Герцог выругался по-французски, но пошел. Женщина уже держала стакан коньяка и поднесла его к губам Джейми. Он отпил глоток и посмотрел на нее поверх стакана.

Мягкий румянец сошел с ее щек, она была бледна и ее нежные губы сжались в суровую линию.

— Ради Дела, которое мы когда-то считали общим, — сказала она очень тихо, — я прошу вас ничего не говорить. Пока нет.

* * *
Джейми был глубоко смущен и раздосадован. Ему случалось падать в обморок от боли или шока. Но не перед врагом. А воттеперь он сидел, пил чай из фарфоровой чашки с золотым ободком и ел сэндвичи и пироги с красивой тарелки с тем самым врагом. Он был смущен, раздосадован и вообще находился в крайне невыгодном для себя положении. Ему все это очень не нравилось.

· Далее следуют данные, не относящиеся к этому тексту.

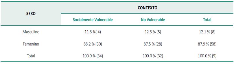 La Tabla 2 registra la distribución en términos de frecuencia y porcentaje de los docentes evaluados según sexo y tipo de contexto. Se puede observar que el mayor porcentaje en ambos contextos se concentra en el sexo femenino.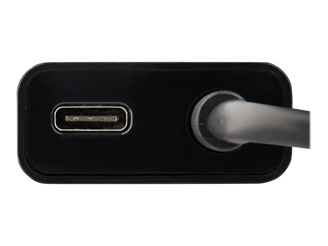 Cet adaptateur USB Type-C possède un boîtier entièrement noir et un câble USB-C intégré conçu pour s''adapter à votre Ultrabook ou à votre ordinateur portable. Cet adaptateur est compatible avec tous les appareils compatibles avec USB-C DP Alt Mode.

С другой стороны, угощение было превосходным, а он был голоден. Его желудок сжался, когда на горизонте показался Лондон, так что он даже не позавтракал.

Пардлоу, к его чести, не попытался воспользоваться слабостью гостя. Он не говорил ничего, кроме случайного «Еще ветчины?» или «Передайте горчицу, пожалуйста», и ел с деловитостью солдата, не пытаясь поймать взгляд Джейми, но и не избегая его.

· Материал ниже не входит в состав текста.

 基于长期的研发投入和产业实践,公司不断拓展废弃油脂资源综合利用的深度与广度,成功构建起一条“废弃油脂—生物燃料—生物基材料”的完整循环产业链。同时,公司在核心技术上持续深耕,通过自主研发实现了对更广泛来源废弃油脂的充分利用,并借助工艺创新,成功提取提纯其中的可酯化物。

Женщина оставила их без лишних слов и не возвращалась. Уже за одно это он был ей благодарен.

Он знал ее как Минну Ренни; Бог знает, каким было ее настоящее имя. Тогда, в Париже ей было семнадцать лет, она была дочерью книготорговца, который так же занимался продажей информации, она не раз передавала сообщения своего отца Джейми. Сейчас Париж казался далеким, как планета Юпитер. Дистанция между юной шпионкой и герцогиней казалась еще больше.

«Ради Дела, которое когда-то было общим». Было ли? Он не питал никаких иллюзий в отношение старого Ренни, его лояльность была оплачена золотом. Неужели его дочь действительно считала себя якобиткой? Он жевал кусок пирога, наслаждаясь хрустящими грецкими орехами и дорогим экзотическим вкусом какао. Он не пробовал шоколад с Парижа.

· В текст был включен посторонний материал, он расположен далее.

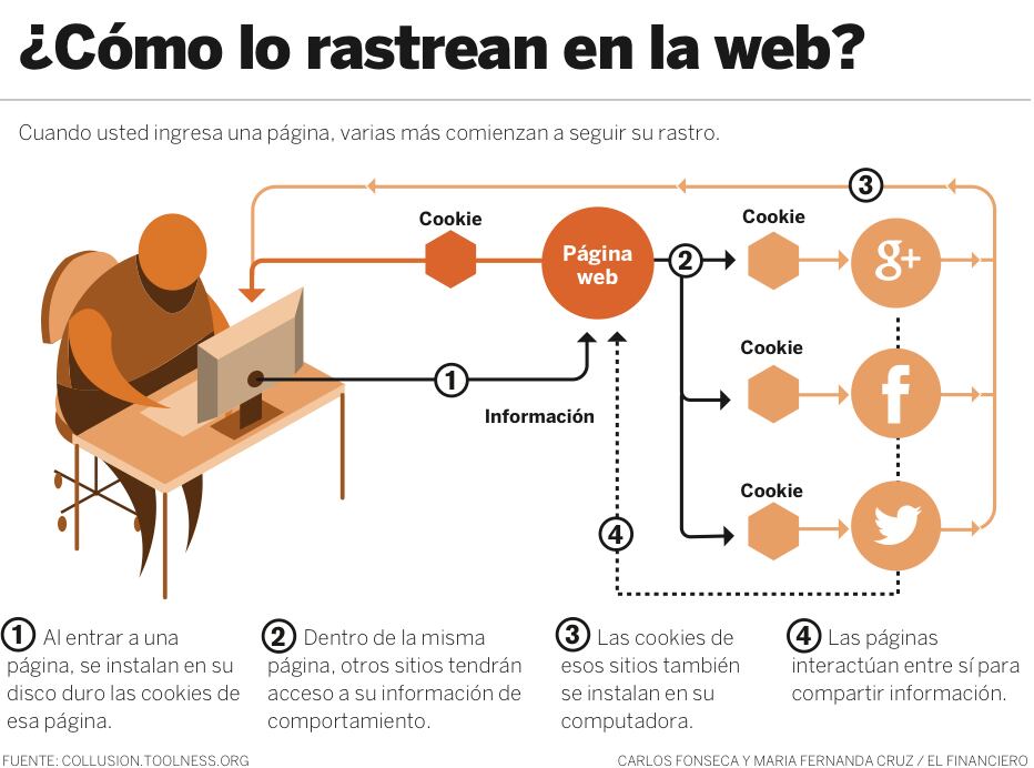 Los sitios guardan dentro del disco duro de las computadoras pequeños fragmentos de información llamados cookies a los que acceden cuando el usuario vuelve a ingresar a la misma página, con el fin de crear una experiencia personalizada.

Он предположил, что это было возможно. Идея реставрации Стюартов привлекала людей романтического темперамента, обреченных людей, как правило. Внезапно ему вспомнился Куинн, и волосы поднялись дыбом у него на руках. Иисусе. В тревоге последних дней он почти позабыл о сумасшедшем ирландце и его безумной идее. Что подумает Куинн, когда узнает, что его увезли английские солдаты?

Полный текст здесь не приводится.